I would like to hear your thoughts on the following.

  • Is the FreeNoiseMixin implementation a good way to go? We would somehow need to pass the mixin parameters from pipelines to model when FreeNoise is enabled. I'm thinking added_cond_kwargs could help here.
  • What do you think about a BasicTemporalTransformerBlock? It'll be a copy of the BasicTransformerBlock but only containing features specific to AnimateDiff Temporal Blocks. Will require some rewriting of existing code in a non-breaking manner.
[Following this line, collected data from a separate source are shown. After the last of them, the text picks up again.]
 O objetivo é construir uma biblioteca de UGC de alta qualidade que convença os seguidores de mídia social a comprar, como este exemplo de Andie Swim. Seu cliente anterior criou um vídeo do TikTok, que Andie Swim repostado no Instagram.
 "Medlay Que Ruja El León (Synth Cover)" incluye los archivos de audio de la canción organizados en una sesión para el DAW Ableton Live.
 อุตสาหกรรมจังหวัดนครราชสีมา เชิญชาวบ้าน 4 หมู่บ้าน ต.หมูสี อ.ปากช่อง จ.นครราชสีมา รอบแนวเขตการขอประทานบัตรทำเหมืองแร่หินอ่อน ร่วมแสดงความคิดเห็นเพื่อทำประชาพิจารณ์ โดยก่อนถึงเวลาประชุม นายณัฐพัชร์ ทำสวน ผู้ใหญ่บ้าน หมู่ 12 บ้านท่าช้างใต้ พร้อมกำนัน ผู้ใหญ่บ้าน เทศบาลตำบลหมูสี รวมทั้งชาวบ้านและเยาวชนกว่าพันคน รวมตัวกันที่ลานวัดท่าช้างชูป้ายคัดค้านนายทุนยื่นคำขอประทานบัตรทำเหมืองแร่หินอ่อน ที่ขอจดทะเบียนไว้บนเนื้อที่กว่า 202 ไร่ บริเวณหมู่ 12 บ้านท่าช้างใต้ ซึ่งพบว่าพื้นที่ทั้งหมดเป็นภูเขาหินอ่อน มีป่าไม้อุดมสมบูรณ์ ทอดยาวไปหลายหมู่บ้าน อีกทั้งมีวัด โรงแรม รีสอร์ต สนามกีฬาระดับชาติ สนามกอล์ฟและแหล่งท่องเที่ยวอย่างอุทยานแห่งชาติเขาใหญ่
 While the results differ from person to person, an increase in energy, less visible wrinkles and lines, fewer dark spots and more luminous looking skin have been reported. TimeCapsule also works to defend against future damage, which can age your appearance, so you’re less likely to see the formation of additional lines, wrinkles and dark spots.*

Any alternative suggestions are welcome.
  • FreeNoise could potentially be applied to any video model that has spatial block - temporal block - spatial block - ... pattern (free lunch). We should try it on our models after addressing the previous issues, no?
sayakpaul
sayakpaul332 days ago

Just out of curiosity, what is the limit of "long" here? To me 16 is not long enough. Is it fair to expect a min-long video with free-noise? If not, perhaps it might be better to wait as the value add is not that evident. Of course, I could be looking at it entirely wrong. So, happy to stand corrected.

a-r-r-o-w
a-r-r-o-w331 days ago (edited 331 days ago)

Just out of curiosity, what is the limit of "long" here? To me 16 is not long enough. Is it fair to expect a min-long video with free-noise? If not, perhaps it might be better to wait as the value add is not that evident. Of course, I could be looking at it entirely wrong. So, happy to stand corrected.
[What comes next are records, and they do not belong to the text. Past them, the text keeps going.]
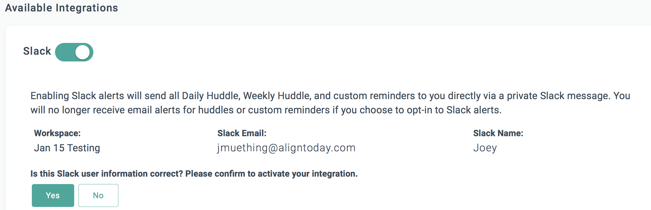 - Turn the Slack Alerts toggle ON. Align will try to find your Slack profile based on your Align email and user name. If Align is able to find a match, you will see the user information next to the toggle. If the match is correct, confirm and you’re done!
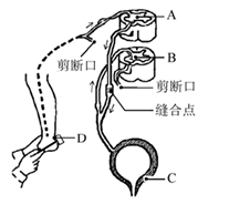 37. 我国外科专家侯春林首创“跟腱―脊髓中枢一膀胱”人工反射弧重建术,解决了脊髓损伤导致的膀胱功能障碍难题。具体做法是:分别剪断患者支配跟腱及膀胱的传出神经,然后将二者进行显微手术缝合,获得一个新的“跟腱―脊髓中枢―膀胱”完整反射弧,如图所示。患者通过敲击跟腱引起反射促使膀胱排尿。回答下列问题:
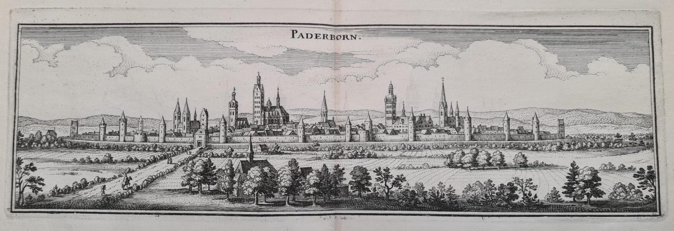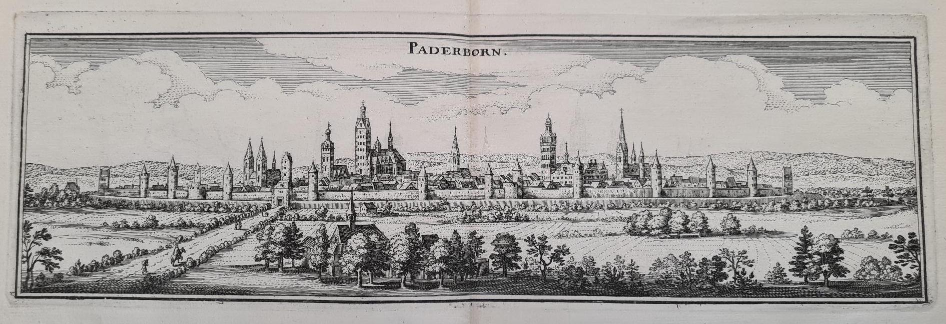 Die älteste erhaltene Ansicht der Stadt Paderborn. Kupferstich von Matthäus Merian des Älteren (1593 - 1650) aus der Topographia Westphaliae 1647.
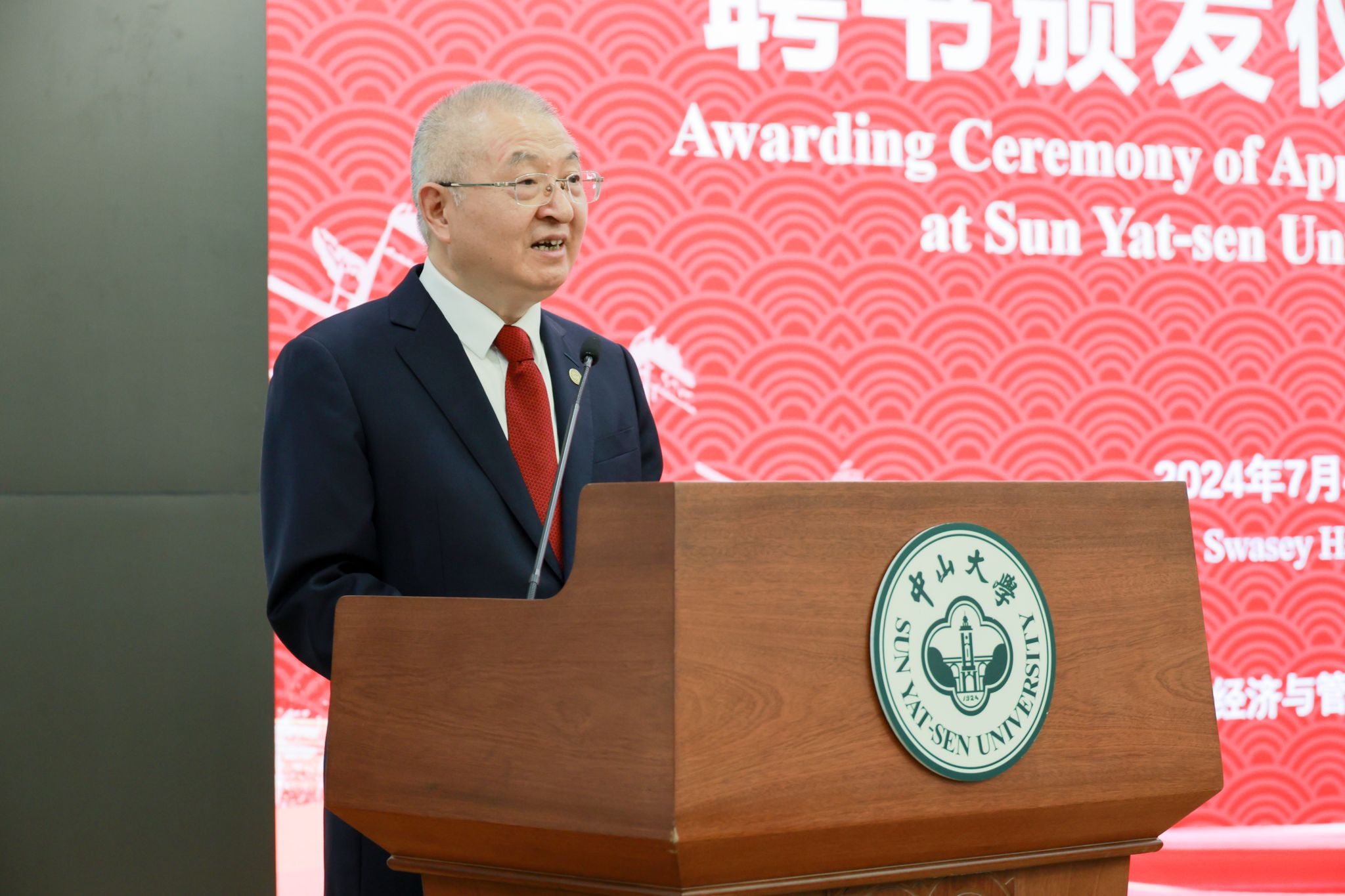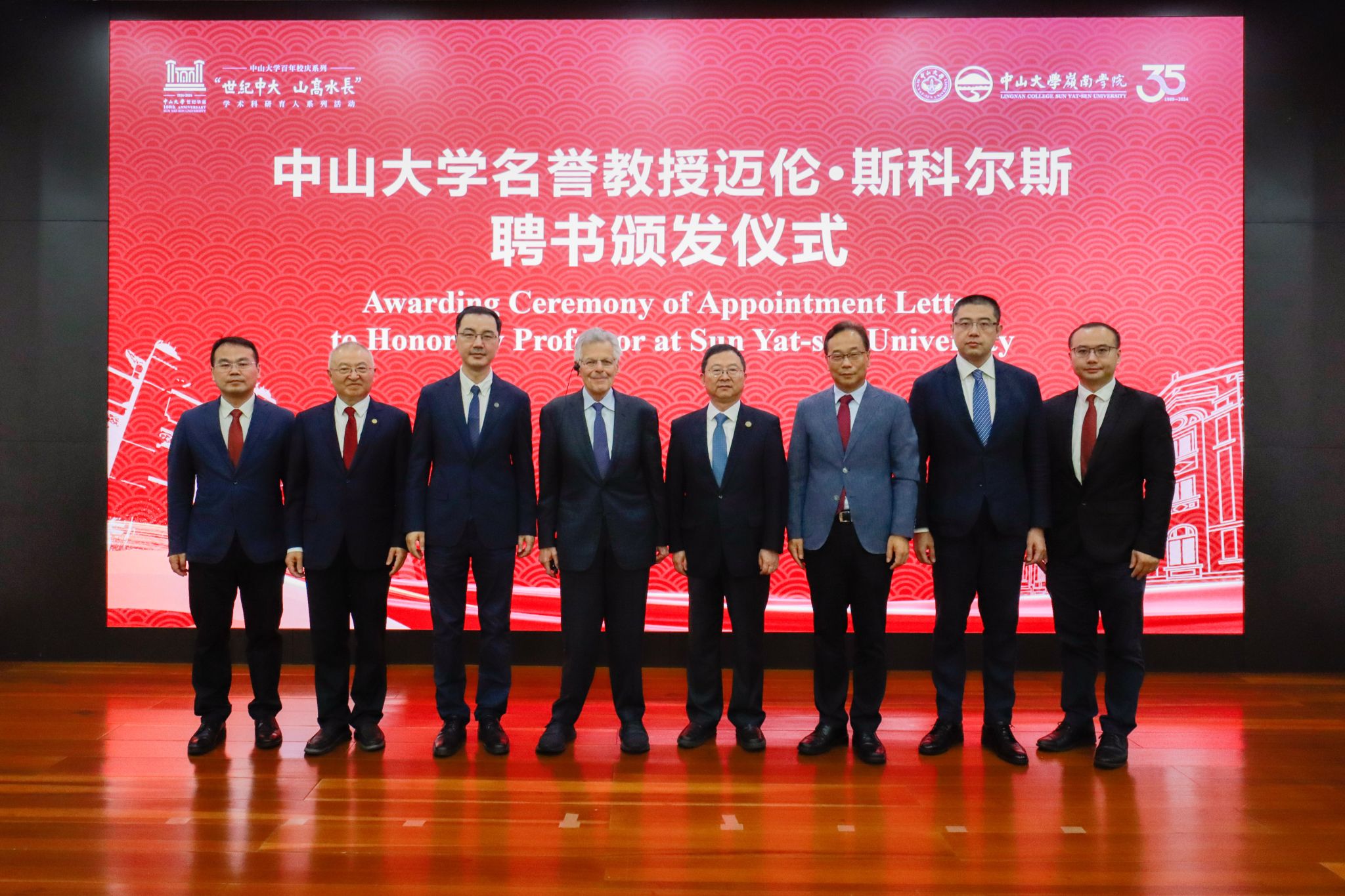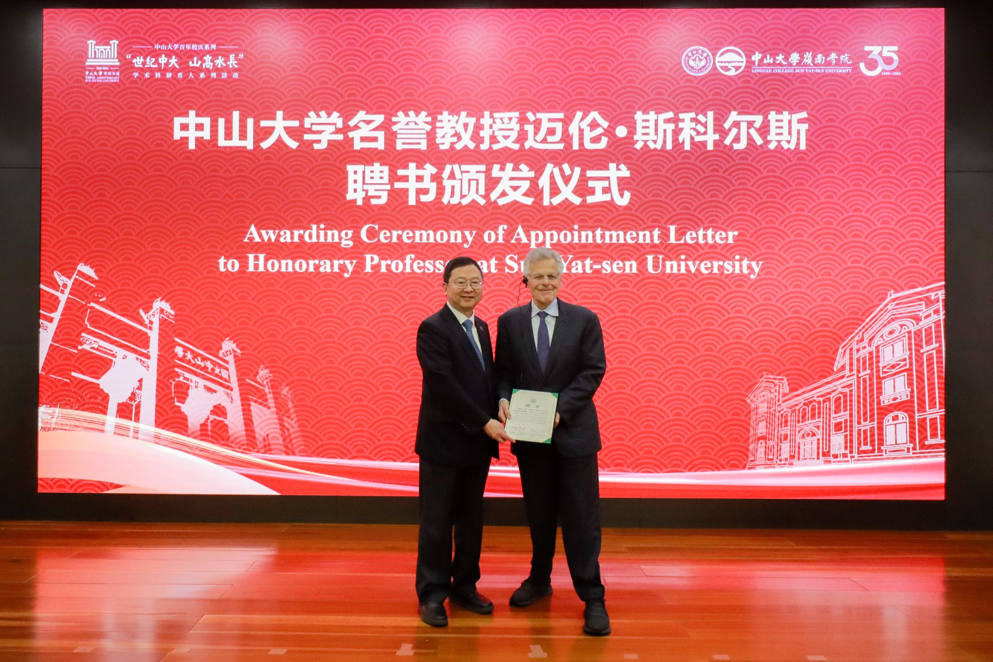 高松校長向邁倫·斯科爾斯教授頒發中山大學名譽教授聘書

For text-to-video, I would say 5-30 seconds at 8-12 fps is currently considered "long" enough if the video is consistent. For control-based vid2vid, there is no limit really and you can animate really long videos (1+ mins), especially with Comfy.

The value added may not be evident from the example I showed. Keep in mind that I want to get FreeNoise to work first and iron out design/implementation bugs and then apply to other pipelines. For text-to-video, it is indeed really hard to achieve good videos even with FreeNoise. The place where it really shines is naive vid2vid, controlnet vid2vid, and in combination with other tricks, and I think we should really really support it because it opens up potential for many workflows such as the following within Diffusers. It is widely considered as the best open-source method for long generations (in vid2vid atleast from what I've seen). Essentially, all that's need to support it is chunked frame-wise inference in the BasicTransformerBlock and weighted-averaging of latents.

1, 2, 3, 4, 5, 6, 7 and 8 off the top of my saved reddit posts.

I don't have good workflows set up yet (WIP), so I stole this to generate videos with Comfy for the time being. You can find the results here.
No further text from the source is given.